In 2020, fraudsters scammed UK consumers a whopping £479m through fake texts on COVID-19 vaccines, missed parcel deliveries and lockdown fines. Unsuspecting customers wired 5% more payments to criminals in 2020 compared to 2019. This is according to data made public by UK Finance.
Fraudsters generally use emails and fake texts to harvest as many personal details as they possibly can to use in their schemes. In 2020, 43% of the authorised fraud transfers were intercepted and returned to the victims by banks and finance providers. This means 57% of the funds were lost and never to be recovered.
Anyone can become a victim of bank fraud. However, if you take time to gather as much information as you can on how to identify and stop these scams in their tracks, chances of you falling into their traps can be greatly reduced. Here are some tips to start you off.
Requests for Personal Information Over the Phone
Telephone scams are one of the hardest to spot. Fraudsters may call you and purport to be from the bank and that they are doing a routine fraud check. They could also claim that your bank account has a problem and they are trying to help you fix it.
To further convince you that they are 100% legitimate, they may prompt you to call your bank using the number indicated on your debit or credit card. However, any attempt to do so will see them intercept the call in a technique called vishing.
To stop fraudsters from telephone scamming you, ensure you don’t give personal details like PINs, account numbers or card details over the phone. In case you feel harassed or intimidated immediately hang up and call the bank with their official line not what the scammers provide you with.
Emails scams are on the rise with people falling victim each time. These emails pretend to be coming from your bank or other related authorities. They may even come complete with logos and phone numbers that look official.
The purpose of these emails is for you to click on a link provided in the email that takes you to a website that is fake. Alternatively, opening the emails may expose your computer to malicious software that steals your personal details including your name, bank details and address.
If you receive an email that you suspect or didn’t expect, don’t open it. And in case you do, don’t click on any attachment or link. If you are suspicious of any email or what it is asking, call your bank or forward the email to them. Also, ensure your antivirus software is always up to date.
Pressures to Act Quickly
Some fraudsters have mastered the art of pushing their victims into a corner. They either use threats or give you limited time to act. Typically, your bank or anyone shouldn’t rush you into making a hasty decision on anything.
Whenever you feel pressured, don’t act. If it is a phone call, just hang up and think through the conversion. If it is a sales promotion, confirm first that the deal is genuine. Even if the offer is good, no sales staff should corner you into making a decision. It is perfectly okay to step back and take your time before acting on the promotion.

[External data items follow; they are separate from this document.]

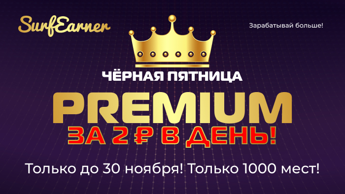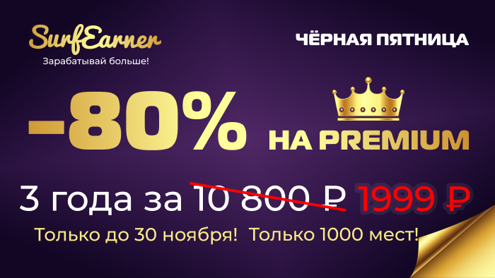 Чёрная пятница в SurfEarner! Дарим 10 000 ₽ на SMM, рекламу, трафик и задания!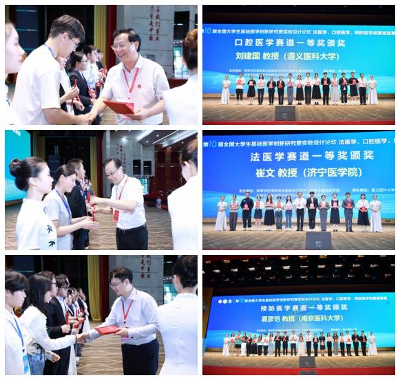 经过激烈角逐,分别在口腔医学赛道评选出一等奖16个,二等奖44个,三等奖47个;法医学赛道评选出一等奖13个,二等奖23个,三等奖32个;预防医学赛道评选出一等奖23个,二等奖61个,三等奖68个。学校党委副书记、校长刘建国,济宁医学院原副校长崔文,南京医科大学副校长夏彦恺为获奖选手颁奖。beat365学生李中正代表获奖学生发言。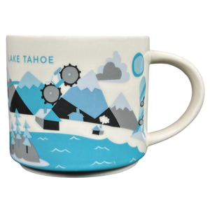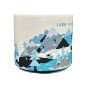 LAKE TAHOE is printed on the front upper surface horizontally and STARBUCKS is printed on the rear left side vertically near the handle.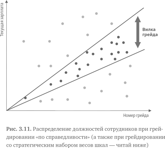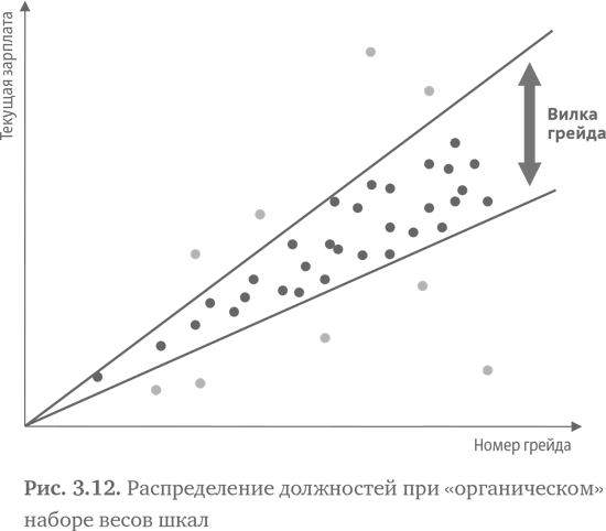 В органическом наборе может оказаться, что «условия труда» имеют максимальный вес, «цена ошибки» – весьма умеренный, а «вклад в стратегию» – нулевой, т. е. в реальности при назначении оклада вклад в стратегию не учитывался вообще, а вот условия труда (легкие или тяжелые) являлись основополагающим фактором. При этом теперь достаточно скорректировать зарплаты 10 % людей в минус и 20 % людей в плюс, чтобы «врасти» в грейды – тем самым мы по сути дела закрепим, «возведем в закон» фактически сложившиеся приоритеты в определении оклада (см. рис. 3.12).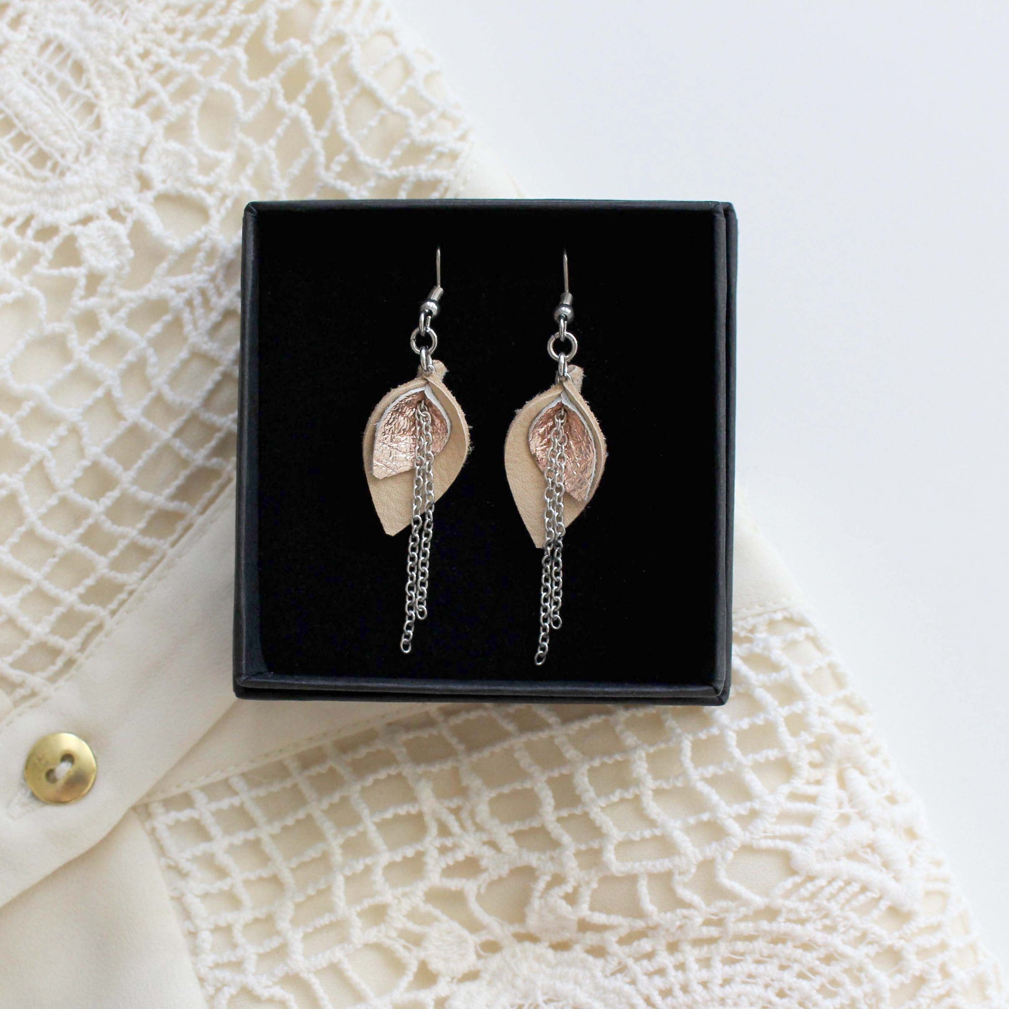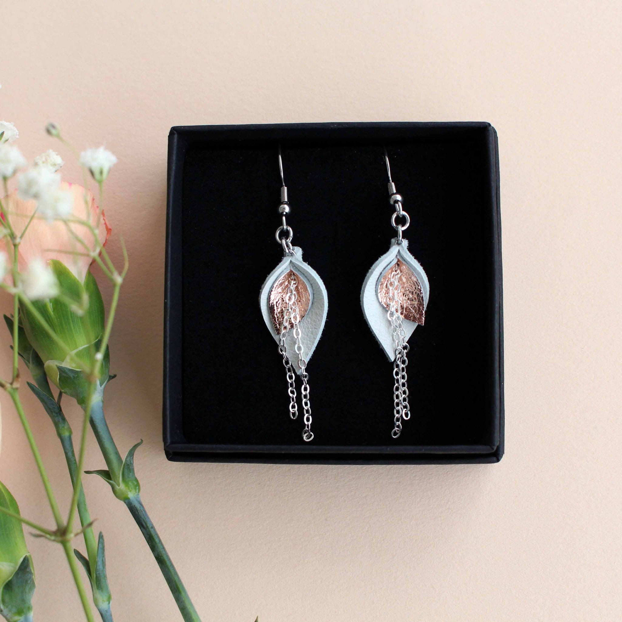 Mini Bloom-korvakoru koostuu kahdesta väristä: pääväristä ja metallipintaisesta nahasta, joka on joko hopea tai ruusukulta.

For instance, if you apply for instant guarantor loans online, you will be qualified and approved within 24 hours and your loan amount will be deposited automatically into the account details provided during the application. Don’t fall victim to scammers telling you that you must deposit some money into a fictitious account before your loan is approved.
Other stressor events include claims that you must make payment through a specific method for you to qualify for a deal or a claim that someone in your family will be hurt if you don’t send in money immediately.
Cloned Bank Website Addresses
Criminals have been known to clone bank websites. They use a website address that is similar in all aspects to your bank’s official address. Then, they deliver the fake URL through spam emails so you can open and click.
Thwarting website scams requires that you be careful when checking the banks URL for any subtle differences before clicking and transacting. You can also bookmark your bank’s URL to ensure you always access your bank portal from a verified link.
Researchers working at DomainTools found that HSBC had 110 fake sites out there, Lloyds had 22, Natwest had 66, while Standard Chartered and Barclays had 74 each.
Unauthorised Purchases on Credit Card Statement
Credit card fraud happens in several ways including card skimming where fraudsters clone or counterfeit your card. This can happen in a store or cash machine where the information is copied from the magnetic strip of your card. Once they gain access to your account, they can either use your card to make purchases or transfer money from your account.
When you try making a payment and your card gets rejected or your card statements show purchases that you have no idea what they are for, chances are high that you’ve been scammed.
To prevent cases of credit card theft from happening, you should always check your credit card statement, don’t share your PIN, and avoid outdoor ATMs if you can. Also, avoid putting your card in machines that look tampered with or give your card information over the phone.
Request For Help in Transferring Money
You may be contacted by someone purporting to be from another country and that they are having problems transferring money from their account. The fraudsters may then ask for your account details so that they transfer the money to you for onward transfer to an account of their choice.
Alternatively, the money transfer scammers may ask you to send some fees to a designated account so that their funds can be released. As a reward, you may be promised a share or commission of the funds. Don’t give in to such requests.
Bank scams have become commonplace, and they are getting trickier by day. Whether it is requests for personal information, unsolicited emails, cloned bank addresses or unauthorised purchases on credit cards, the tactics can be hard to spot. However, armed with the right information, you can tell a scam from a distance and avoid it.